La France s’est engagée, à travers ses Plans nationaux d’action, à mettre en œuvre une véritable politique publique de lutte contre la traite et l’exploitation.

Un réel effort doit être mené pour protéger les enfants victimes. Le dialogue avec la Miprof étant très ouvert, nous espérons que certaines de nos recommandations seront prises en compte. Mais il faut bien sûr aller au-delà pour inciter le gouvernement à un vrai changement d’échelle dans la politique qu’il mène. C’est pourquoi nous nous appuyons sur la société civile qui relaie nos positions et nous développons un plaidoyer à l’attention des instances internationales, afin que celles-ci fassent pression sur le gouvernement français. C’est en abordant le sujet sur tous les fronts que nous obtiendrons des avancées significatives.

La dimension internationale de notre action, en tant qu’Institution nationale des droits de l’homme accréditée auprès des Nations unies, est particulièrement stratégique dans le plaidoyer que nous menons.

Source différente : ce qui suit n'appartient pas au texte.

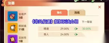 在非凡仙途中,捉妖可是一项充满趣味与挑战的活动。掌握好技巧,你就能轻松捕获各种珍稀妖灵,让它们成为你闯荡仙途的得力伙伴。 了解妖灵习性 不同的妖灵有着各自独特的习性。有些妖灵喜欢在特定的地点出没,比如深山的洞穴、清幽的湖泊边。了解它们的习性后,就能更有针对性地去寻找。比如水灵妖灵,常在有水的地方活动,你可以多去河边、池塘边碰碰运气。 准备合适工具 要想成功捉妖,趁手的工具必不可少。捕妖网是主要工具,根据妖灵的等级和稀有程度,准备不同品质的捕妖网。低级妖灵用普通捕妖网,高级珍稀妖灵则需要高级捕妖网。同时,还可以准备一些增加捕捉成功率的道具,如妖灵诱饵。 战斗技巧
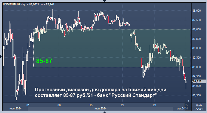 Прогнозный диапазон для пары рубль/доллар на ближайшие дни составляет 85-87 руб./$1, для пары рубль/евро - 92-94 руб./EUR1, полагает директор департамента операций на финансовых рынках банка "Русский Стандарт" Максим Тимошенко. По мнению эксперта, на стороне рубля выступает свежая статистика Росстата, которая показала замедление недельной инфляции в России до 0,08% с 0,11% неделей ранее, общее снижение цен на продовольственные товары. Также в числе факторов поддержки национальной валюты - текущие меры регулятора и жесткая риторика ДКП ЦБ РФ.
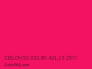 CIELCh 52.032,80.421,13.257 Color is a normal rose color and the nearest color is Raspberry #e30b5d. Hex code #f21261 and RGB value is rgb(242,18,97). In RGB color space, this color is composed of 95% red, 7% green, 38% blue, In CMYK color space, this color is composed of 0% cyan, 93% magenta, 60% yellow , 5% black , In HSL color space, this color has a hue angle of 339° , 90% saturation and 51% lightness.
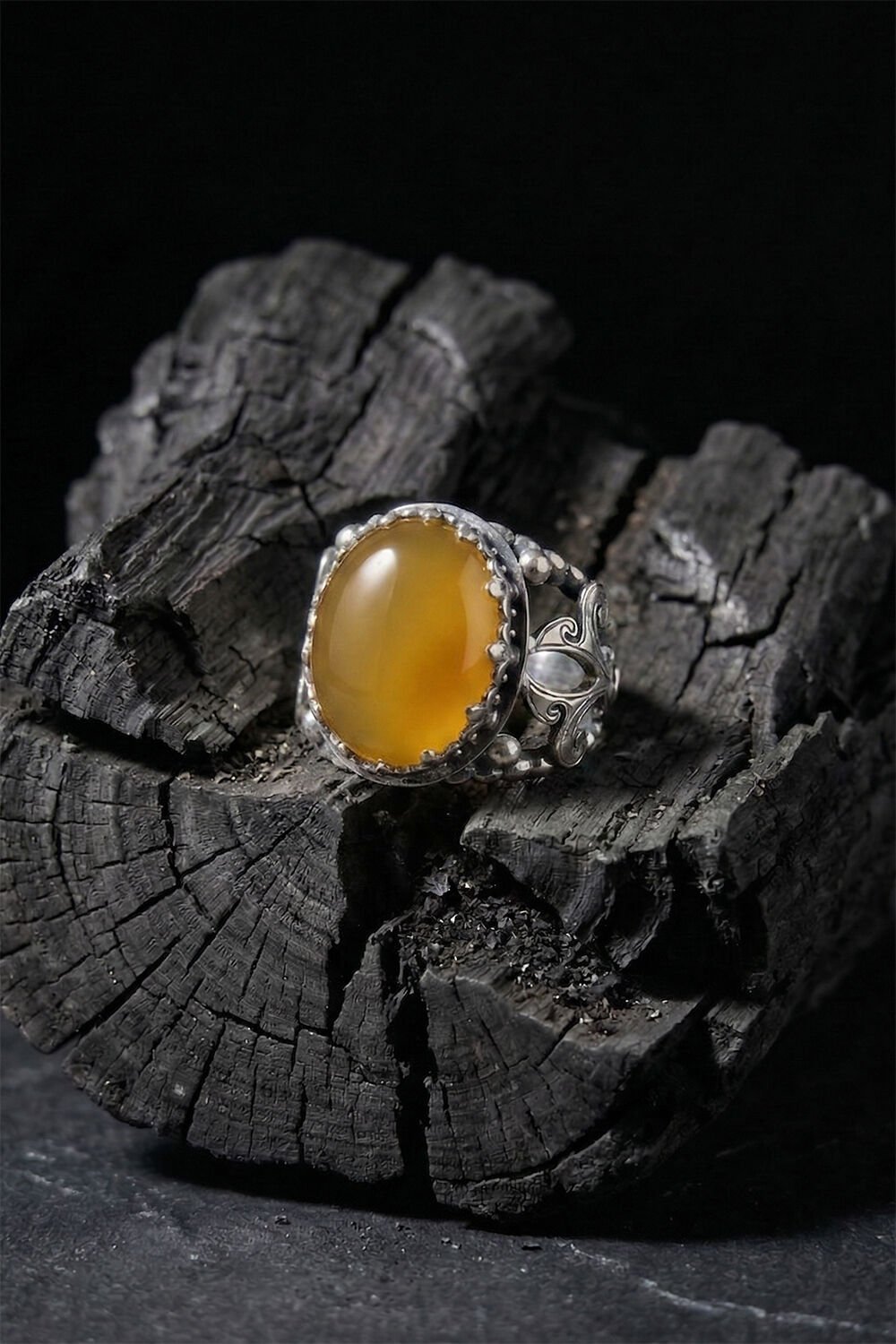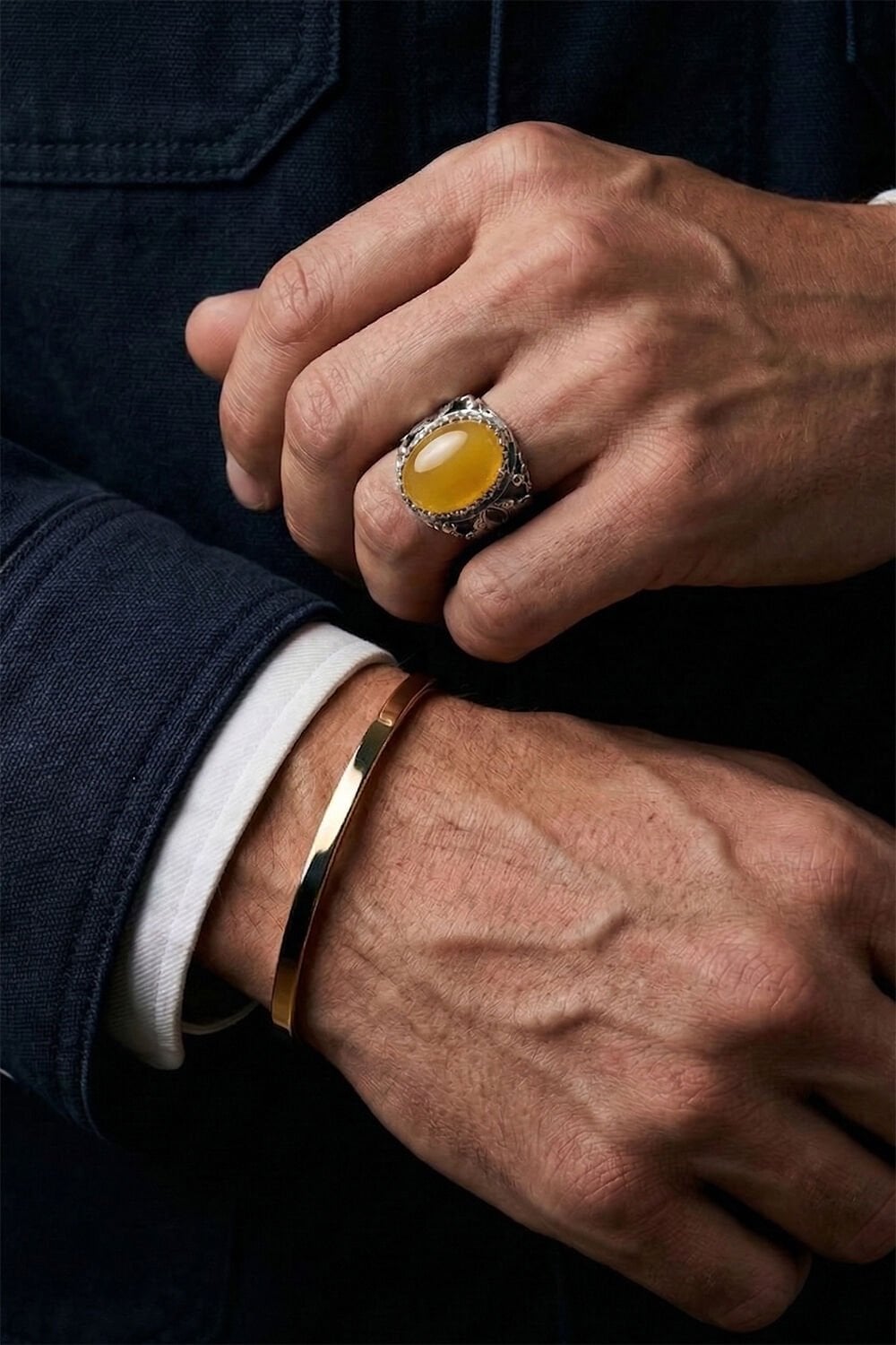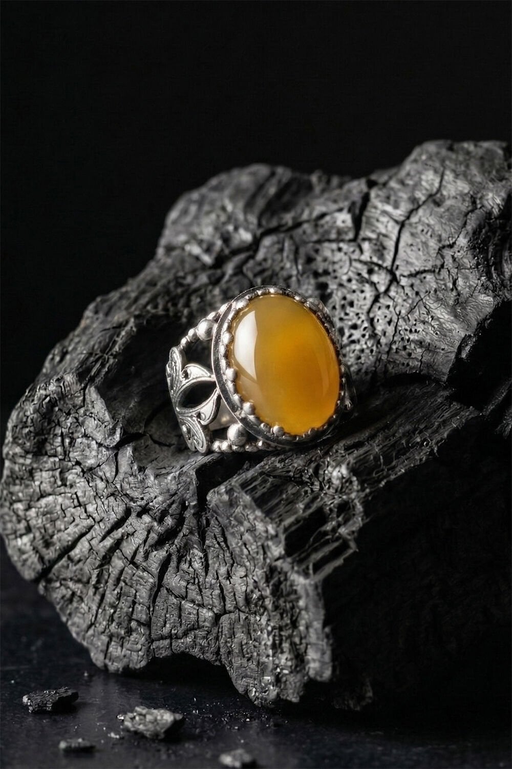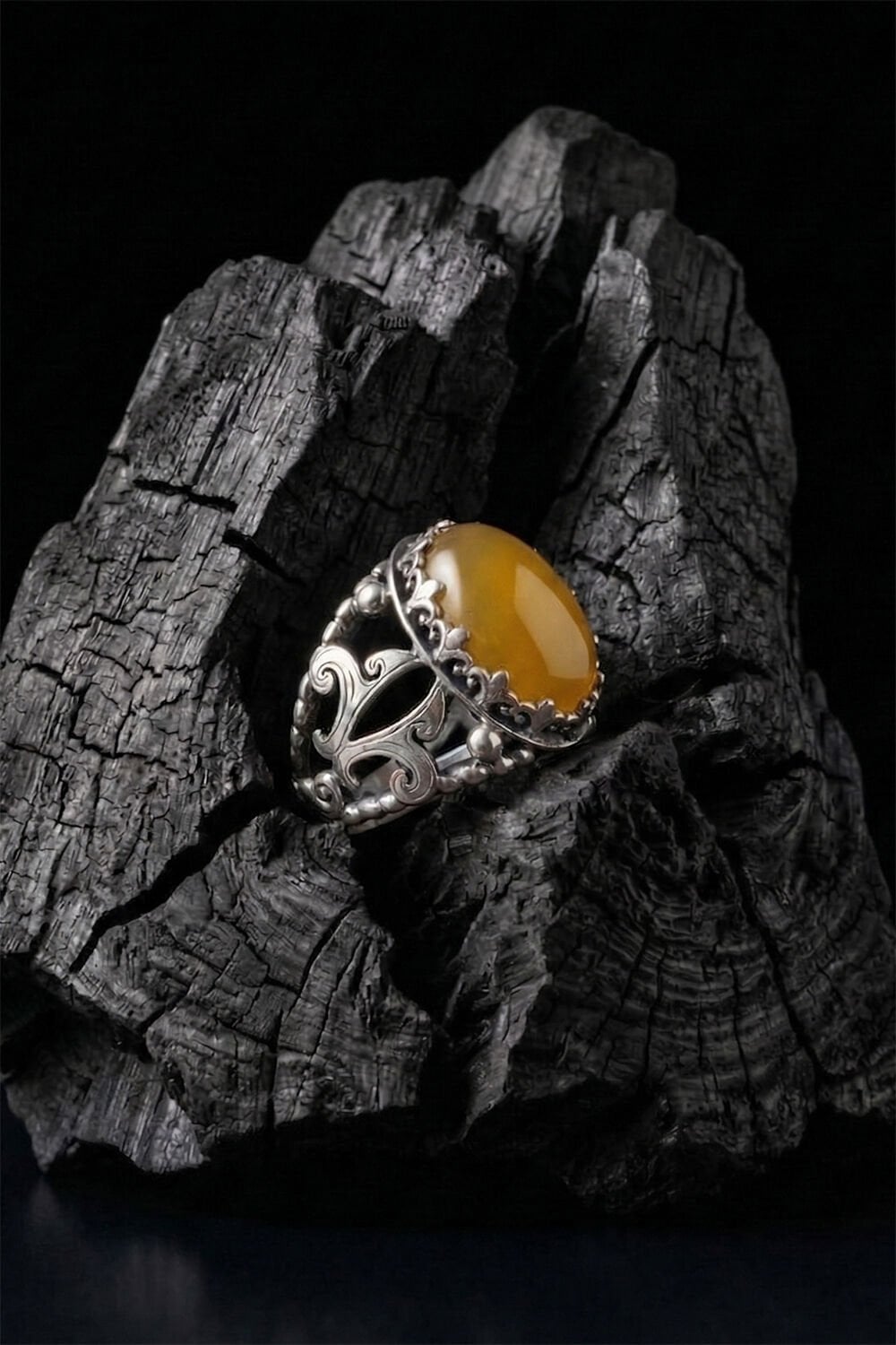 Zarafeti ve ustalığı parmağınızda taşıyın! Tamamen el işçiliği ile hayat bulan bu özel tasarım erkek yüzüğü, 925 ayar gümüşün kalitesini sarı akik taşının doğal enerjisiyle birleştiriyor.
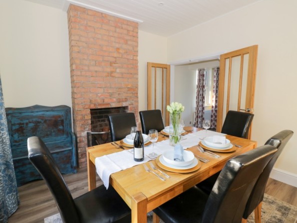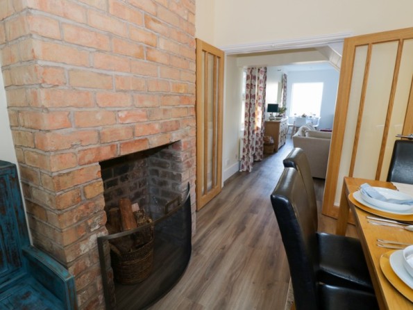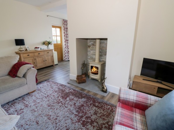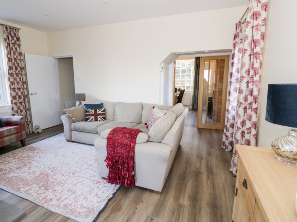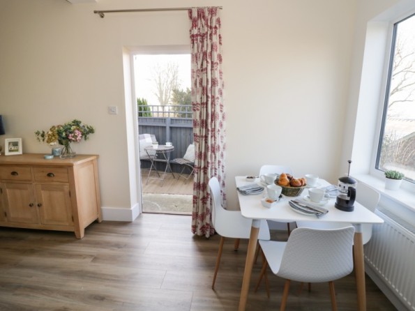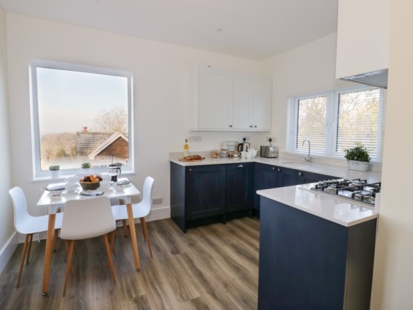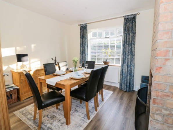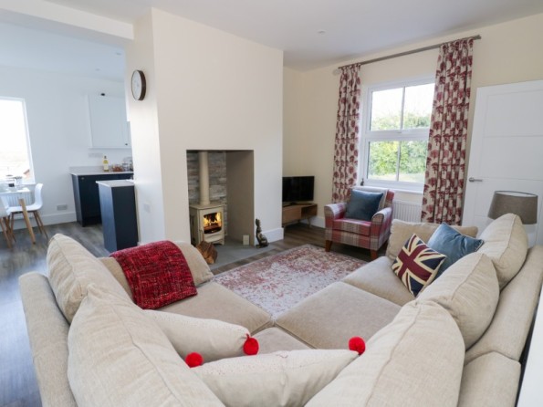 Open-plan living room with wood-burner, blankets and throws. Open-plan kitchen with seated dining area. Complimentary kitchen/cleaning pack. Separate dining room.
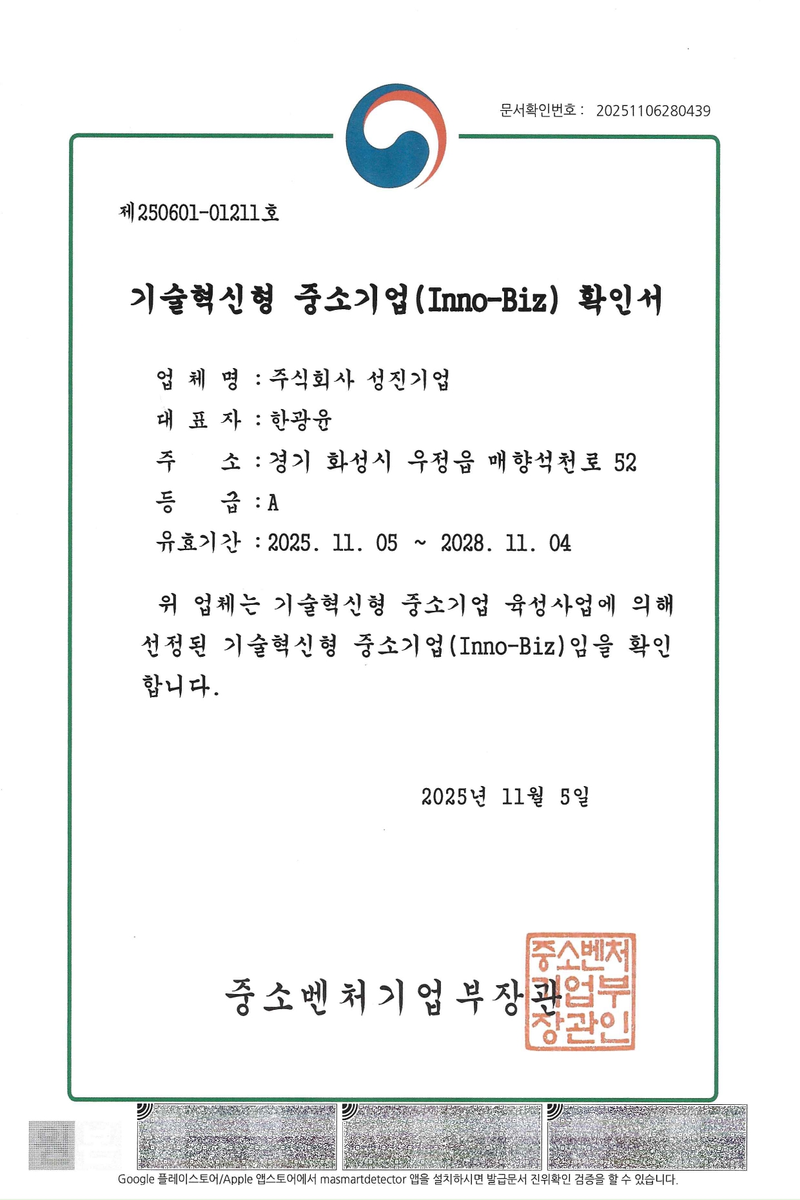 - 2025년 기술혁신형 중소기업(Inno-BiZ) 확인서 획득
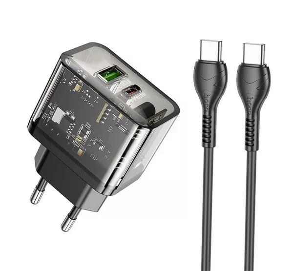 HOCO N34 hálózati töltő USB+Type-C aljzat 20W, PD gyorstöltő 3.0 + Type-C kábel, ÁTLÁTSZÓ
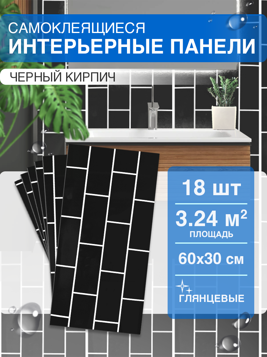 10 цен на Самоклеящиеся панели ПВХ. Плитка для стен. Черный кирпич 18 шт
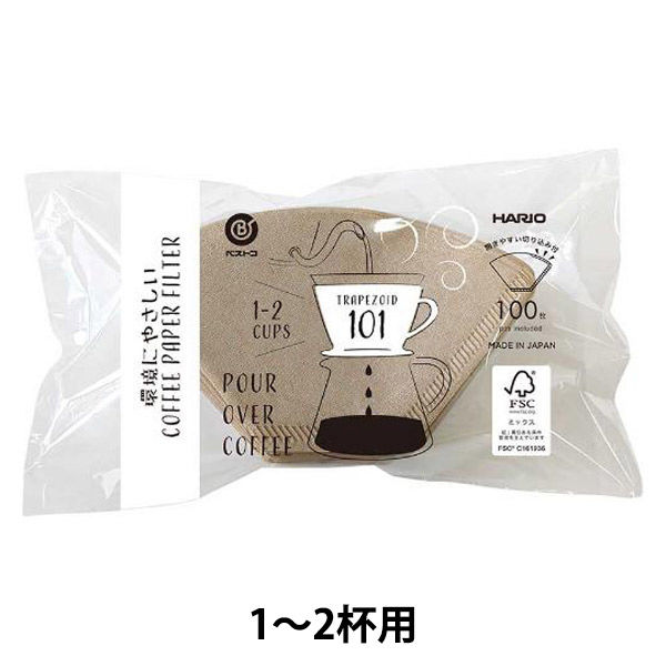| 商品の特徴 | 1~2杯用のコーヒーフィルター。底が平らになっていて、お湯がコーヒーの粉全体になじみやすい台形型フィルター。切り込み付きで開きやすいです。FSC認証で環境に優しく、大容量の100枚入りでコスパも良く、お財布にも優しい商品です。安心の日本製。#コーヒーペーパーフィルター 珈琲 粉用 | ||
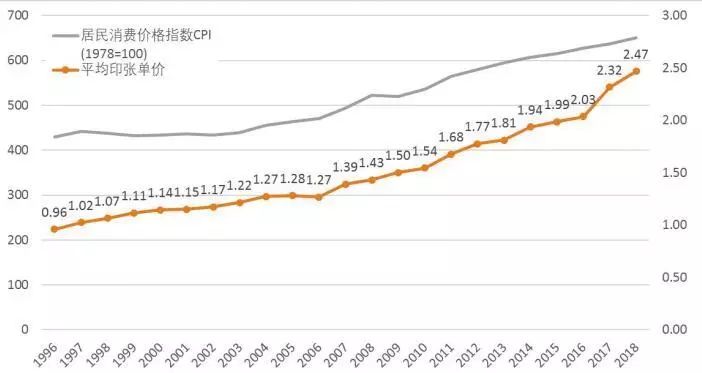 圖8 1996—2018年(nián)居民消費價格指數CPI、年(nián)度平均印張單價走勢
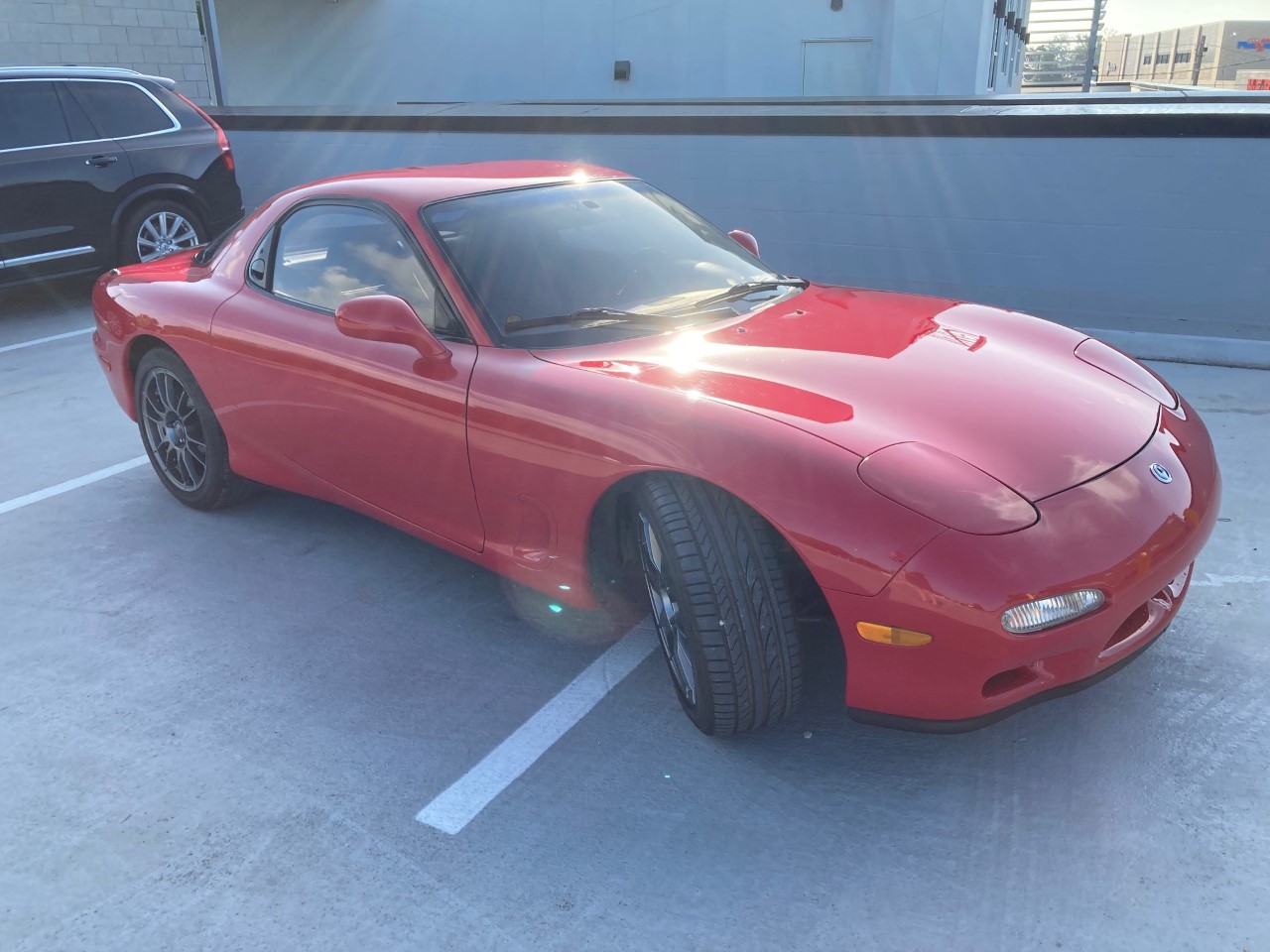 Graphite-finished 17″ x 8″ OZ Racing Ultraleggera wheels were installed by the seller in 2005, at which point the 235/45 RE50A tires were also mounted. Slotted rotors, Hawk HPS brake pads and Goodridge stainless steel braided lines have been installed, and the front calipers have been powder coated in red with white Mazda lettering. The suspension has been modified with Eibach springs, Koni Sport struts, Suspension Techniques front and rear sway bars, and a GReddy front strut brace. In October 2019 the steering rack was rebuilt, while an alignment was performed in April 2020.

Nous constatons que ce sujet, qui a pourtant une résonnance majeure pour les droits fondamentaux des victimes, est souvent peu porté politiquement en France. C’est d’autant plus surprenant que dans d’autres pays et pour les organisations internationales, l’intérêt politique et médiatique pour ces questions est énorme. C’est pour nous un levier d’influence de mobiliser la Commission européenne, l’OSCE, la Rapporteure spéciale des Nations unies en charge de cette question, ou encore le Groupe d’experts sur la lutte contre la traite du Conseil de l’Europe (GRETA). Nous avons ainsi ouvert un dialogue sur ce sujet particulier avec nombre de nos interlocuteurs internationaux. 

L’appui des organisations internationales dans le dialogue que la CNCDH et la société civile avec le Gouvernement est souvent déterminant pour faire évoluer les choses. C’est la raison pour laquelle l’avis de la CNCDH a été traduit en anglais et transmis à nos interlocuteurs et partenaires internationaux.